◆ **What is expected**:
Could the data below be printed out exactly, with the pictures left out?

◆ **Collected material**:
==========

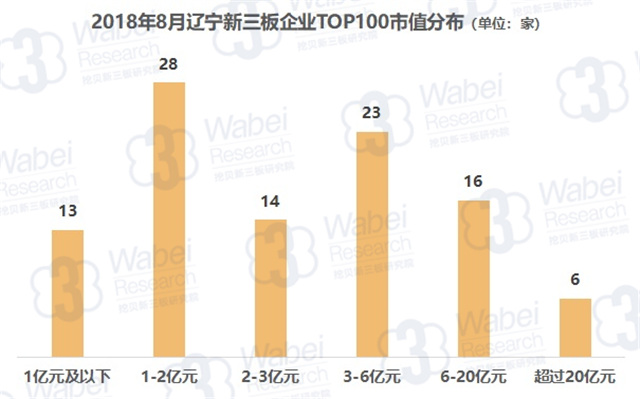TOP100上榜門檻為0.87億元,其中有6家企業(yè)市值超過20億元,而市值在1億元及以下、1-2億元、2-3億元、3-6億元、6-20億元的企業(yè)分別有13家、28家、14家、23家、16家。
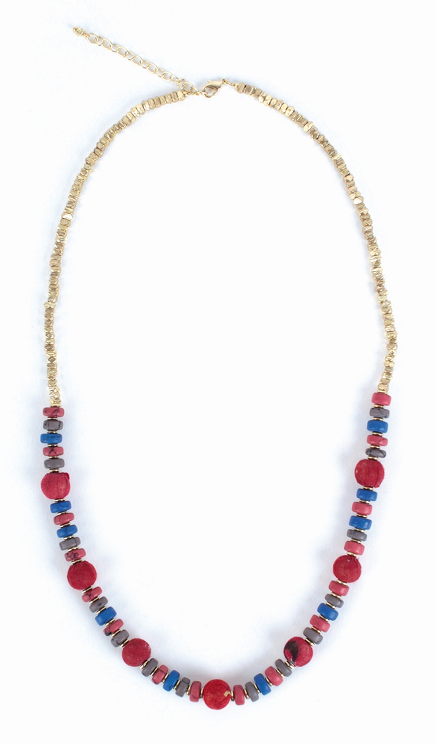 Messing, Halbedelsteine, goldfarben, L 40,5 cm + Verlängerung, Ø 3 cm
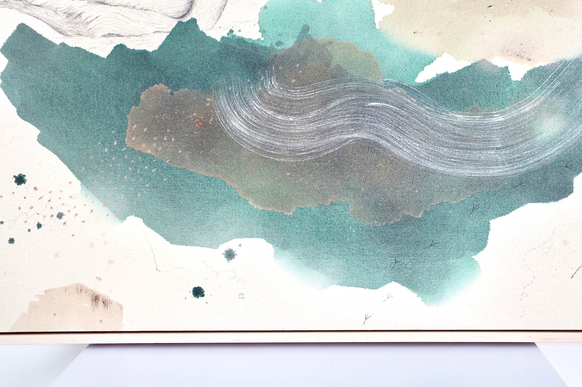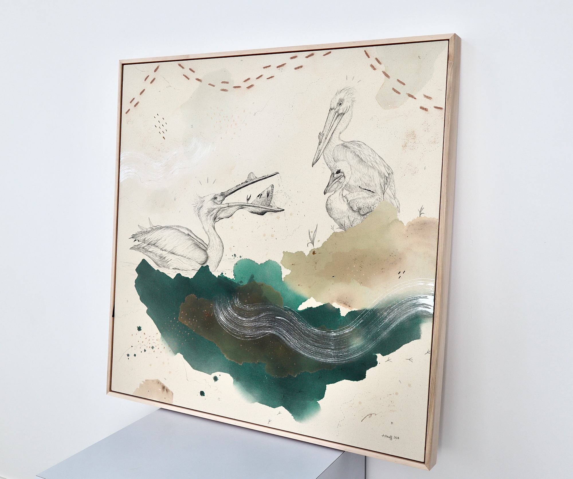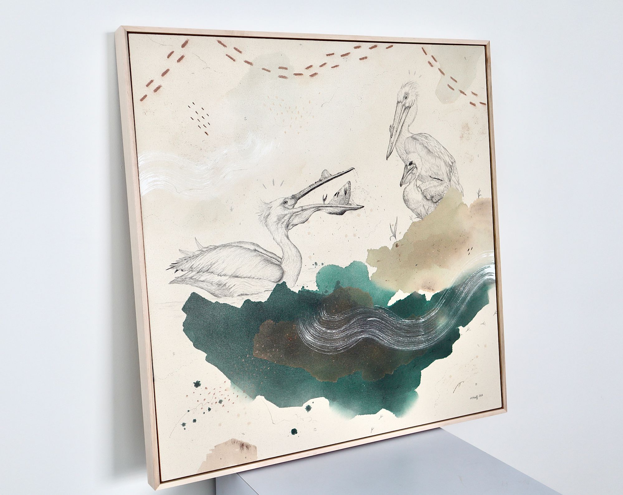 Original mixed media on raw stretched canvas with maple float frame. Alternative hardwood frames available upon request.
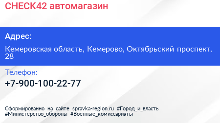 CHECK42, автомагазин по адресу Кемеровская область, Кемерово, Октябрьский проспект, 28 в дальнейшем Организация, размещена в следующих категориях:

==========

◆ **Task result**:
TOP100上榜門檻為0.87億元,其中有6家企業(yè)市值超過20億元,而市值在1億元及以下、1-2億元、2-3億元、3-6億元、6-20億元的企業(yè)分別有13家、28家、14家、23家、16家。
 Messing, Halbedelsteine, goldfarben, L 40,5 cm + Verlängerung, Ø 3 cm
 Original mixed media on raw stretched canvas with maple float frame. Alternative hardwood frames available upon request.
 CHECK42, автомагазин по адресу Кемеровская область, Кемерово, Октябрьский проспект, 28 в дальнейшем Организация, размещена в следующих категориях:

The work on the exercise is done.